→ **Activity**
Reproduce exactly the line with "Đây là một khay" and every line that follows it below, up to and including the last one. Do not include pictures or anything else.

→ **Raw data**
--- START ---

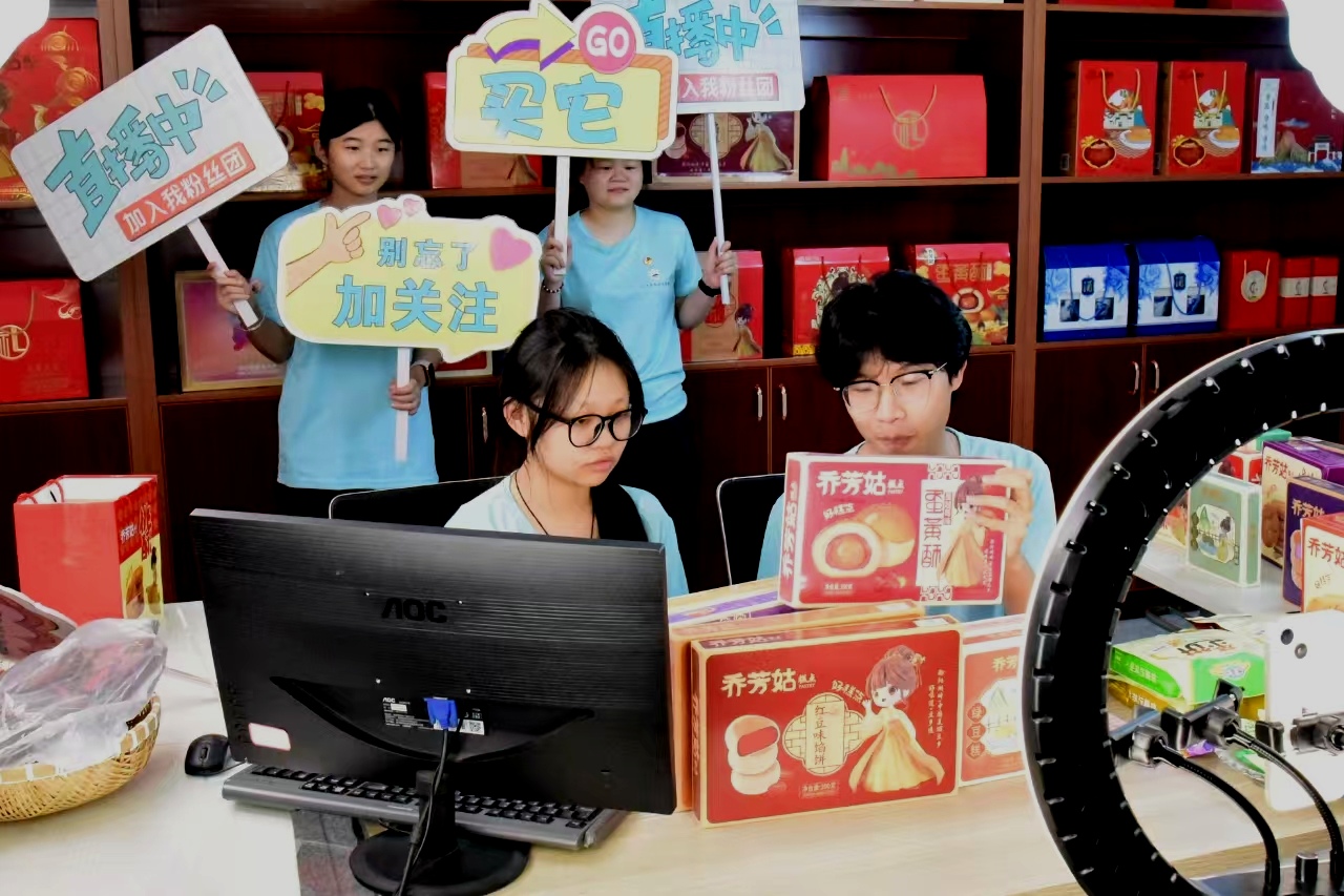 湖口县流芳乡的当地特色美味在直播期间轮番登场。有流芳乡“乔芳姑”系列糕点蛋黄酥和馅饼等,还有独具本土风味的流芳茶饼。jinnianhui金年会诚信至上“三下乡”社会实践队的志愿者们先通过镜头生动呈现产品诱人的色泽与风味,待观众直观感受到美食魅力后,再深入介绍食材溯源和制作工序。通过这次直播活动,小镇特色好物走向了更广阔的市场。
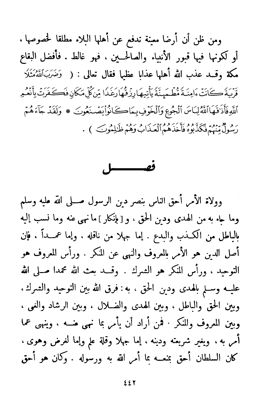 وَوُلَاةُ الْأَمْرِ أَحَقُّ النَّاسِ بِنَصْرِ دِينِ الرَّسُولِ صَلَّى اللَّهُ عَلَيْهِ وَسَلَّمَ وَمَا جَاءَ بِهِ مِنْ الْهُدَى وَدِينِ الْحَقِّ وبِإِنْكَارِ مَا نَهَى عَنْهُ وَمَا نُسِبَ إلَيْهِ بِالْبَاطِلِ مِنْ الْكَذِبِ وَالْبِدَعِ. إمَّا جَهْلًا مِنْ نَاقِلِهِ وَإِمَّا عَمْدًا فَإِنَّ أَصْلَ الدِّينِ هُوَ الْأَمْرُ بِالْمَعْرُوفِ وَالنَّهْيُ عَنْ الْمُنْكَرِ. وَرَأْسُ الْمَعْرُوفِ هُوَ التَّوْحِيدُ وَرَأْسُ الْمُنْكَرِ هُوَ الشِّرْكُ. وَقَدْ بَعَثَ اللَّهُ مُحَمَّدًا صَلَّى اللَّهُ عَلَيْهِ وَسَلَّمَ بِالْهُدَى وَدِينِ الْحَقِّ. بِهِ فَرَّقَ اللَّهُ بَيْنَ التَّوْحِيدِ وَالشِّرْكِ وَبَيْنَ الْحَقِّ وَالْبَاطِلِ وَبَيْنَ الْهُدَى وَالضَّلَالِ وَبَيْنَ الرَّشَادِ وَالْغَيِّ وَبَيْنَ الْمَعْرُوفِ وَالْمُنْكَرِ. فَمَنْ أَرَادَ أَنْ يَأْمُرَ بِمَا نَهَى عَنْهُ وَيَنْهَى عَمَّا أَمَرَ بِهِ وَيُغَيِّرَ شَرِيعَتَهُ وَدِينَهُ إمَّا جَهْلًا وَقِلَّةَ عِلْمٍ وَإِمَّا لِغَرَضِ وَهَوًى كَانَ السُّلْطَانُ أَحَقَّ بِمَنْعِهِ بِمَا أَمَرَ اللَّهُ بِهِ وَرَسُولُهُ. وَكَانَ هُوَ أَحَقَّ
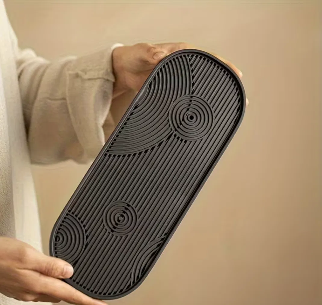 Đây là một khay trà Gongfu Cha phong cách hiện đại, thiết kế để pha trà tiện dụng và nhìn gọn đẹp. Khay có dáng oval dài với các cạnh bo tròn mượt, kèm họa tiết bề mặt tích hợp gồm các rãnh thẳng và vòng tròn đồng tâm, lấy cảm hứng từ những yếu tố thiết kế truyền thống Trung Hoa.
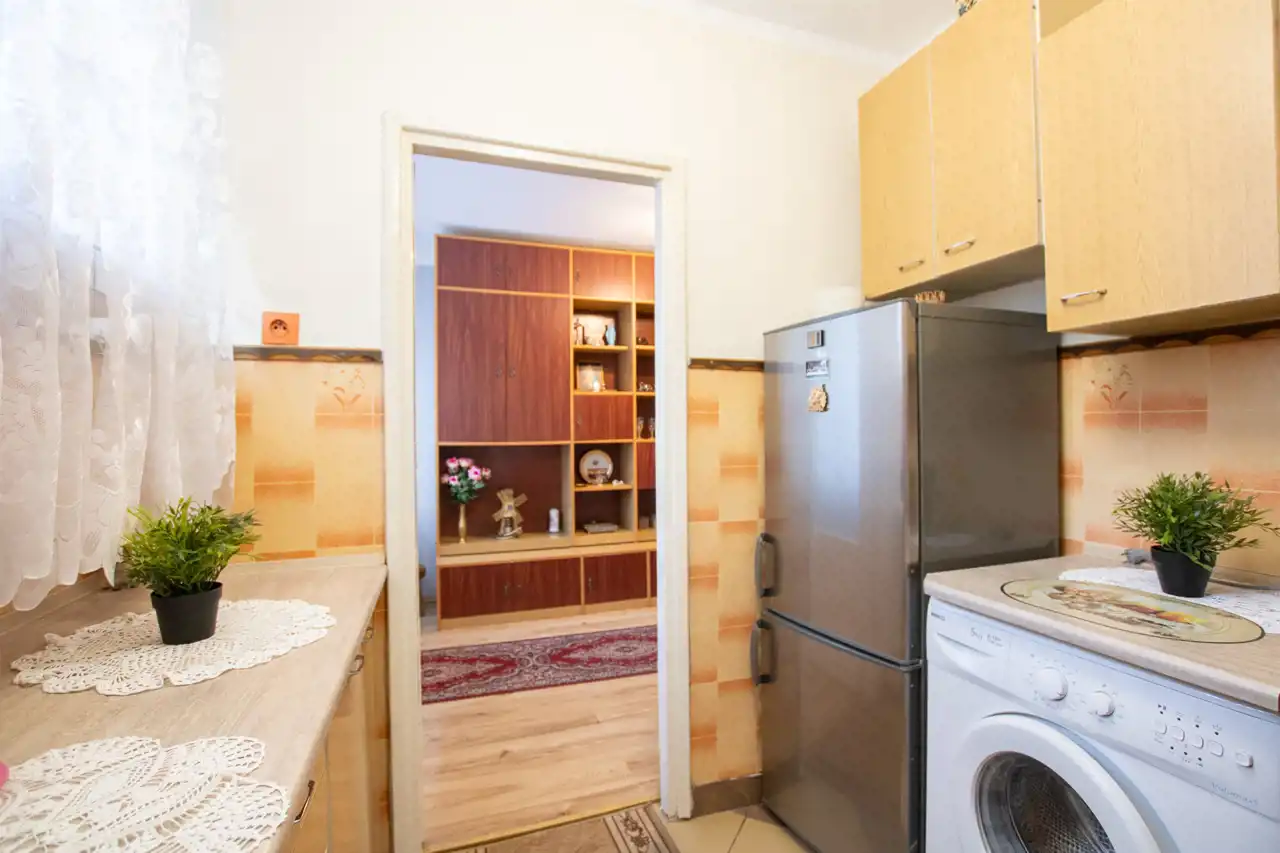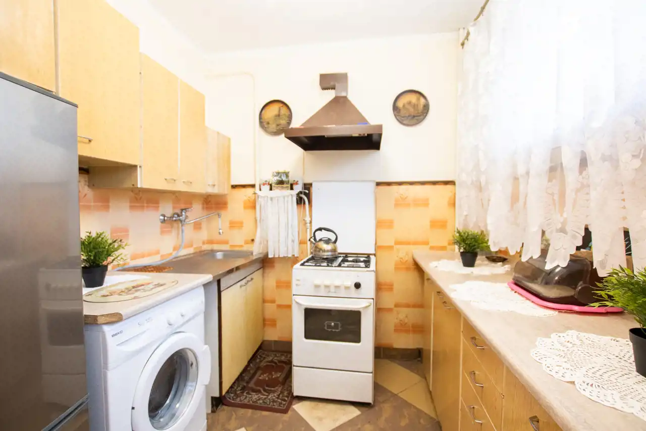 - Kuchnia: jasna, z oknem, kuchenką gazową, lodówką i pralką

--- END ---

→ **Result**
 Đây là một khay trà Gongfu Cha phong cách hiện đại, thiết kế để pha trà tiện dụng và nhìn gọn đẹp. Khay có dáng oval dài với các cạnh bo tròn mượt, kèm họa tiết bề mặt tích hợp gồm các rãnh thẳng và vòng tròn đồng tâm, lấy cảm hứng từ những yếu tố thiết kế truyền thống Trung Hoa.
 - Kuchnia: jasna, z oknem, kuchenką gazową, lodówką i pralką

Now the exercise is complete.